There’s no denying that Takashi Miike’s “Sham” is dramatically effective. However, it may be one of the rare courtroom thrillers that is, at times, too effective for its own good. One would think there’s no such thing, but the movie’s engrossing visual and tonal language is all about seeding doubt, a promise on which Miike over-delivers, resulting in a tale that remains in morally gray territory long after it means to.
The film is based on a real 2003 court case — and a subsequent book by journalist Masumi Fukuda — in which a Japanese elementary school teacher was accused of physically and emotionally tormenting a student, who allegedly came close to suicide. The student’s mixed American heritage (by way of a great grandparent) was the alleged focus of racist remarks, which the boy’s mother would bring to light with the help of diligent reporters, when the school’s administrators failed to act. Foreknowledge of these events isn’t necessary before watching Miike’s telling, but the ways that Hayashi Mori’s screenplay remains tethered to reality ends up harming the film in the long run.
The real story features definitive conclusions, and leaves no loose ends in its pursuit of justice, delivered with a neat bow. “Sham,” however, is a movie that trades in uncertainties, with a structure initially akin to Akira Kurosawa’s “Rashomon.” Miike first lays out the inciting accusations through the courtroom testimony of the mother, Ritsuko Himuro (Ko Shibasaki), in a lengthy prologue that reveals the vicious behavior of teacher Seichii Yabushita (Go Ayano) towards her son Takuto (Kira Miura). Before long, it rapidly shifts gears in favor of an alternate telling from Seichii’s point of view (drawn from his own counter-testimony), which makes up the majority of the movie’s runtime.
The film initially paints Seichii as a monstrous figure, but the opposite holds true when events are told from his point of view. The teacher becomes a hapless victim in what appear to be highly improbable situations, orchestrated by a cartoonishly scheming Ritsuko to frame Seichii. The clash between these narrative extremes in a courtroom setting forces a closer inspection of the very nature of legal evidence, and the concept of reasonable doubt.
This thematic friction is best described as delightfully uncomfortable. Miike’s usual notions of outward violence (in movies like “Audition”) become entirely internal, and the struggle for certainty begins to feel emotionally volatile. The viewer’s morality practically becomes bifurcated: what one might believe is “right” in their gut might simultaneously start to seem entirely incorrect within legal parameters. Miike, through his judicious use of close-ups and gradual unfurling of information, begins to tilt the share of power between his characters in thrilling ways — which in turn forces the audiences to re-calibrate their own beliefs on the fly.
However, these ethically disorienting effects can only last so long. The film’s slavish dedication to its source material — the challenging of which would open its own can of worms — demands ignoring all potential complexity in favor of didactic conclusions. The movie practically teaches you to watch it with suspicion for much of its runtime, especially since its narrative unfolds through specific perspectives and courtroom proclamations. But the final catharsis that Miike presents is far too neat and linear for this approach.

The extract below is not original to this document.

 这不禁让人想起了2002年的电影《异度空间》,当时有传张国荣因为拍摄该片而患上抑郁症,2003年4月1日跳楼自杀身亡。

The lead performances from Shibasaki and Ayano are riveting and powerfully operatic. The two actors essentially embody four different characters — they each play virtuous and repulsive versions of Ritsuko and Seichii — yielding in a film that demands it be seen through a lens of pure, subjective exaggeration, one way or another. And yet, there’s no moment when it pulls back from this mode of storytelling, even when it seems to make a concrete determination on which recounting has actually been objective all along, practically discarding its own visual lingua franca.
The result is a movie that, despite its emotional highs and challenging conundrums, moves towards more traditionally euphoric conclusions that can’t help but feel mawkish, as they’re entirely out of step with the preceding runtime. “Sham” works until it very suddenly doesn’t, in a manner that — ironically — makes you question the nature of everything you’ve just seen, as though its successes were accidental or illusory.